In early September, my wife and I applied for one of the D.C. government’s Renewable Energy Incentive Program grants to install solar panels on our house in Petworth. At the time, the District was justifiably proud of its program, which used dedicated taxes on energy companies to provide money for homeowners who went solar—an incentive that made it possible for an otherwise impossibly expensive solar panel system to pay for itself within five or six years, making solar energy an option for people who can’t afford to lose money on green technology just because it’s green.
That program is basically kaput now, a victim of the District’s budget crisis. Some people who were told they’d get the grant installed solar panels only to find out they weren’t actually getting the money. (Luckily, we decided to wait until the grant came through before we went ahead with the installation, which we now probably won’t do.) But it’s still frustrating that a program that existed when we applied has effectively been killed while our application was pending, without ever getting much in the way of a response from the District Department of the Environment, which administers the grants. As Washington Business Journal‘s Michael Neibauer notes, the Gray administration has found the $700,000 or so needed to pay back the people whose checks were promised, but never delivered. But because of the budget crunch, far fewer people in the District will be going solar, which is a setback for renewable energy.

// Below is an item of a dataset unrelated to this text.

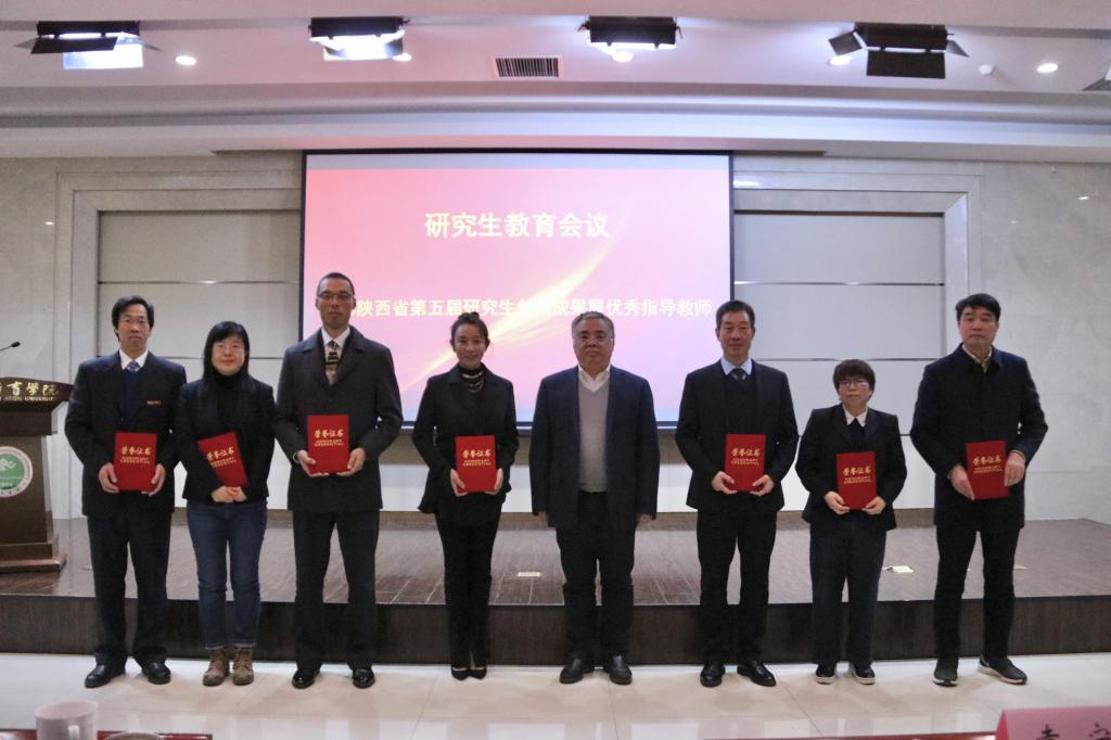 会上,黄谦教授和徐豆同学分别代表导师和研究生进行了发言,袁宁秘书长为我校9名在“陕西省第五届研究生创新成果展”获奖研究生指导教师颁发了荣誉证书。

So I was not particularly thrilled to receive a self-congratulatory e-mail newsletter from DDOE today in my personal Gmail, an address the department has because I used it to apply for the grant.
Titled “Foliage,” the newsletter includes a blurb from Mayor Vince Gray, boasting about all the green things D.C. is doing:
The District is already an environmental leader on a number of fronts, and we’re excited to do more. We lead the country in the number of green buildings per capita. We have reduced disposable bag use by more than 60% in just one year and now see our residents toting reusable bags all across town. And, 50% of the electric power used in District Government facilities comes from renewable sources, making us the 3rd largest municipal consumer of renewable power in the US EPA Green Power Partners program.
E-mail obviously doesn’t cost much to send out, but still—maybe the city shouldn’t be bragging about how green it is, right after it killed one of the centerpieces of its environmental policy?